This document is an excerpt from the EUR-Lex website
Document 62012CN0265
Case C-265/12: Reference for a preliminary ruling from the Hof van Beroep te Brussel (Belgium), lodged on 29 May 2012 — Citroën Belux NV v Federatie voor Verzekerings- en Financiële Tussenpersonen (FvF)
Zaak C-265/12: Verzoek om een prejudiciële beslissing, ingediend door het Hof van beroep te Brussel (België) op 29 mei 2012 — Citroën Belux NV tegen Federatie voor Verzekerings- en Financiële Tussenpersonen (FvF)
Zaak C-265/12: Verzoek om een prejudiciële beslissing, ingediend door het Hof van beroep te Brussel (België) op 29 mei 2012 — Citroën Belux NV tegen Federatie voor Verzekerings- en Financiële Tussenpersonen (FvF)

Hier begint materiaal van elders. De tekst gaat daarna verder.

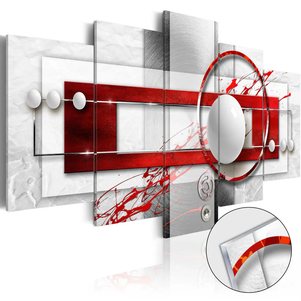 Obraz na szkle akrylowym "Obraz na szkle akrylowym - Karmazynowa energia" to świetny pomysł na wystrój nowoczesnych wnętrz. Doskonale pasuje do oryginalnych rozwiązań i stanowi interesującą alternatywę dla tradycyjnych dekoracji ściennych np. jako panele szklane czy szkło dekoracyjne do kuchni. Druk na szkle akrylowym przyciąga wzrok dzięki efektowi głębi i pięknie wygląda w pokojach reprezentacyjnych. Dzięki zastosowaniu nowoczesnych technologii druku i wysokiej jakości barwników, charakteryzuje się pięknym połyskiem. Obrazy na szkle akrylowym są lekkie, łatwe w czyszczeniu i odporne na działanie wilgoci, dzięki czemu świetnie sprawdzą się zarówno w salonie, sypialni, łazience, a nawet na tarasie. Szkło akrylowe z grafiką dzięki przepuszczalności światła zyskuje niesamowity efekt 3d. Obrazy na szkle akrylowym zachowują wszystkie zalety klasycznego druku na szkle, z pominięciem jego słabych stron – ciężkości i delikatności. Tworzy się je z wyjątkowo cenionego w architekturze wnętrz materiału, polimetakrylanu metylu. Polimer zwany potocznie szkłem akrylowym lub pleksi, jest (podobnie jak szkło) bezbarwny i sztywny. Tak jak szkło nie odbarwia się pod wpływem promieniowania UV i cechuje się bardzo wysoką (ponad 90%) przepuszczalnością światła. W odróżnieniu od szkła jest o połowę lżejszy i zdecydowanie bardziej wytrzymały. Jest bardziej elastyczny i ciężko go skruszyć. W przypadku obrazów na szkle akrylowym druk umieszczany jest jako foliowa okleina. Technika ta zapewnia fotograficzną dokładność i nasycone barwy. Obraz na pleksi gwarantuje trójwymiarową głębię i delikatny połysk. Druk na akrylu to świetna propozycja dla lubiących praktyczne rozwiązania.

PB C 258 van 25.8.2012, p. 9–10
(BG, ES, CS, DA, DE, ET, EL, EN, FR, IT, LV, LT, HU, MT, NL, PL, PT, RO, SK, SL, FI, SV)
25.8.2012 |
NL |
Publicatieblad van de Europese Unie |
C 258/9 |
Verzoek om een prejudiciële beslissing, ingediend door het Hof van beroep te Brussel (België) op 29 mei 2012 — Citroën Belux NV tegen Federatie voor Verzekerings- en Financiële Tussenpersonen (FvF)
(Zaak C-265/12)
2012/C 258/15
Procestaal: Nederlands
Verwijzende rechter
Hof van beroep te Brussel
Partijen in het hoofdgeding
Verzoekster: Citroën Belux NV
Verweerster: Federatie voor Verzekerings- en Financiële Tussenpersonen (FvF)
Prejudiciële vragen
1) |
Moet artikel 3.9 van richtlijn 2005/29/EG (1) zo worden uitgelegd dat het zich verzet tegen een bepaling, zoals artikel 72 WMPC (2), die — onder voorbehoud van de limitatief in de wet opgesomde gevallen — op algemene wijze elk gezamenlijk aanbod aan de consument verbiedt zodra minstens één bestanddeel een financiële dienst uitmaakt? |
2) |
Moet artikel 56 VWEU, betreffende de vrijheid van dienstverlening, zo worden uitgelegd dat het zich verzet tegen een bepaling, zoals artikel 72 WMPC, die — onder voorbehoud van de limitatief in de wet opgesomde gevallen — op algemene wijze elk gezamenlijk aanbod aan de consument verbiedt zodra minstens één bestanddeel een financiële dienst uitmaakt? |
(1) Richtlijn van het Europees Parlement en de Raad van 11 mei 2005 betreffende oneerlijke handelspraktijken van ondernemingen jegens consumenten op de interne markt en tot wijziging van Richtlijn 84/450/EEG van de Raad, Richtlijnen 97/7/EG, 98/27/EG en 2002/65/EG van het Europees Parlement en de Raad en van Verordening (EG) nr. 2006/2004 van het Europees Parlement en de Raad („Richtlijn oneerlijke handelspraktijken”) (PB L 149, blz. 22).
(2) Wet betreffende marktpraktijken en consumentenbescherming.